December 10, 2003

Talking in Shul?

Our new rabbi is conducting a series of meeting with the membership of the shul (this is quite an ambitious task; at last check, we have about 450 families). Each week, a group of around 20 families is invited over to discuss what they like and don't like about Shomrei. The G's and H's went last week.

The most common complaint in our group had to do with the amount of talking during davening. Many voiced the concern that there was entirely too much talking, that it was disrespectful, and ruined the davening. The comments, I believe, were directed mostly towards the main minyan, which I rarely attend, so I can't say whether or not they are founded or unfounded claims (I do know that the amount of talking at the Shabbos Mincha minyan has steadily declined to what I would consider acceptable levels). It was interesting that R. Gottlieb mentioned at the end that our group was the only group so far that focused so heavily on talking. Perhaps there's a lesson in group dynamics in there somwhere.

My observation was that most of the people who were more concerned about the talking, when they described how they viewed the shul, characterized it as a "Makom Tefillah". I took this to mean the shul is a place to fulfill your daily obligation of praying with a minyan three times a day, and not much else. In fact, most shuls in Baltimore are probably best characterized as such. But not Shomrei, or at least, not the Shomrei that R. Gottlieb is trying to build (and, I would add, not the Shomrei of the past, either). For many people, the shul is more than a place to pray; it is also a place to study, a place to see your friends, eat copious amounts of unhealthy food and in general to engage in social activities in a religious setting. Obviously there is a time and a place for each of these (no chulent during laining), but the fact of the matter is, the shul is really, for a lot of people, myself included, their connection and central point religiously.

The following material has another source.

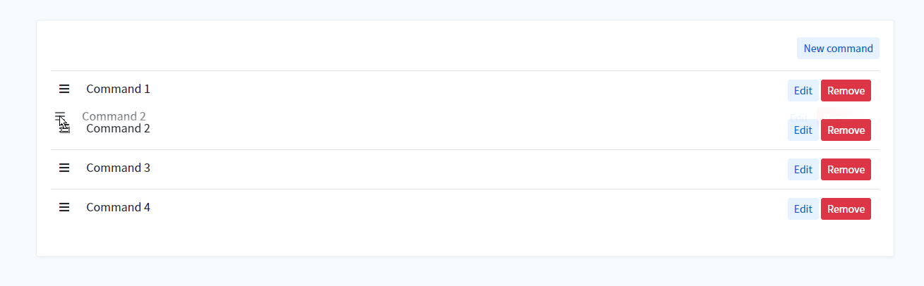 Re-ordering commandsUpdating the order of how your commands are executed is done from the commands overview. To move one, simply drag & drop the command into the right position. To do so, you need to drag at the icon in front of the name.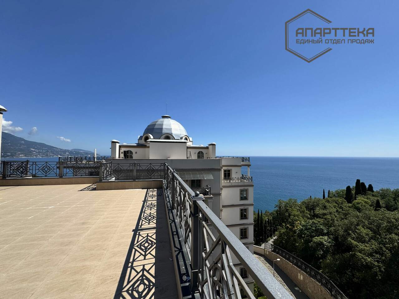 Вид 360 градусов на: открытое море, горы, хвойный лес, Ялту, Покровскую церковь. Самый большой апартамент в комплексе, обсуждаются индивидуальные условия приобретения.

For many, however this is not the case. More and more, people are connected with their yeshiva (in Baltimore's case, Ner Israel), and maintain a strong connection well after their departure. This is not a bad thing at all, but I think here we begin to see the effect it has on the community. For these people, shul is a place to pray, and nothing else. Their focal point remains outside the community and their neighbors. When it comes to bigger issues like building funds, activities, or even small things like being sensitive to the needs of others around you, this attitude takes its toll.

I'll end off by saying that one of the last things R. Weinreb spoke about before he left was making the shul more of a focal point in the community, particularly regarding children and teenagers. He felt that part of the problem we are facing with teens-at-risk could be alleviated by developing a stronger, friendlier environment away from the schools and yeshivos.